Data segment:

..............................

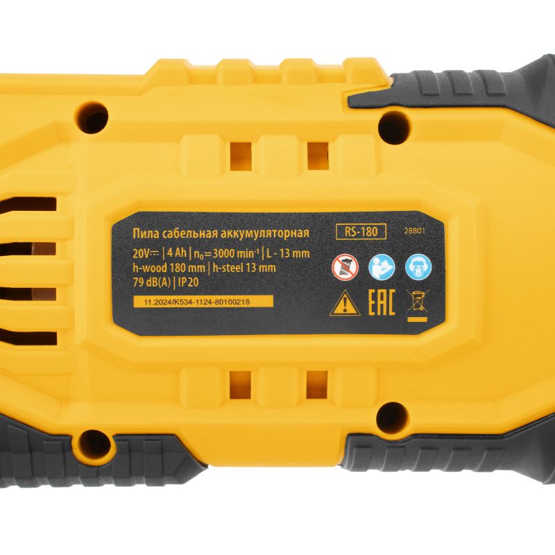 Пила сабельная аккумуляторная Denzel RS-180, 28801
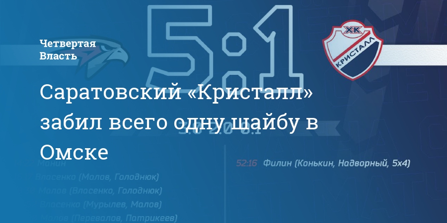 Хоккеисты саратовского «Кристалла» в гостях уступили «Омским Крыльям» (Омск). Единственный гол саратовцы забили при счете 5:0.
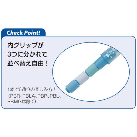 3つに分かれたカラフルな内グリップを、組み替えたり交換したりして、お気に入りの組合せを楽しめます。
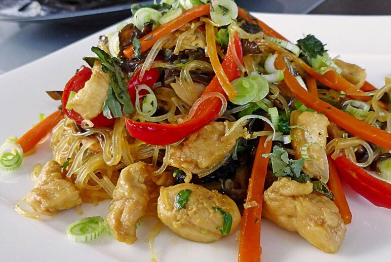 Этот салат подойдет для худеющих как на ужин так и на обед. Можно кушать его как самостоятельное блюдо, так и с гарниром. Также его можно подать на праздничный стол. Сама лапша очень полезна, делается она из крахмала, бобовый крупы МАШ. Для приготовления Вам понадобится: 1 пачка лапшы фунчоза 1 красный болгарский перец 250-300 грамм куриного филе 150 грамм корейской моркови зеленый лук и любимая зелень приправа для фунцозы 1-2 свежих огурца Способ приготовления: 1. Моем куриное филе и нарезаем не большими кубиками, обжариваем его на сковороде до золотистой корочки (желательно обжариваем без масла) 2. Моем и нарезаем болгарский перец соломкой 3. Берем глубокую миску, кладем в нее лапшу и заливаем крутым кипятком. Оставляем в воде на 5-7 минут и сливаем воду. Разрезаем лапшу ножницами, чтоб она была не сильно длинная и хорошо можно было перемешивать в салате 4. Нарезаем свежий огурец соломкой и отправляем в салатницу 5. Смешиваем ингредиенты и добавляем корейскую морковь, все очень хоро

..............................

Exercise instructions: Each line, from the beginning of the listing to the line bearing "3つに分かれたカラフルな内グ" inclusive, should be copied exactly; the pictures stay out.

The completed task:
 Пила сабельная аккумуляторная Denzel RS-180, 28801
 Хоккеисты саратовского «Кристалла» в гостях уступили «Омским Крыльям» (Омск). Единственный гол саратовцы забили при счете 5:0.
 3つに分かれたカラフルな内グリップを、組み替えたり交換したりして、お気に入りの組合せを楽しめます。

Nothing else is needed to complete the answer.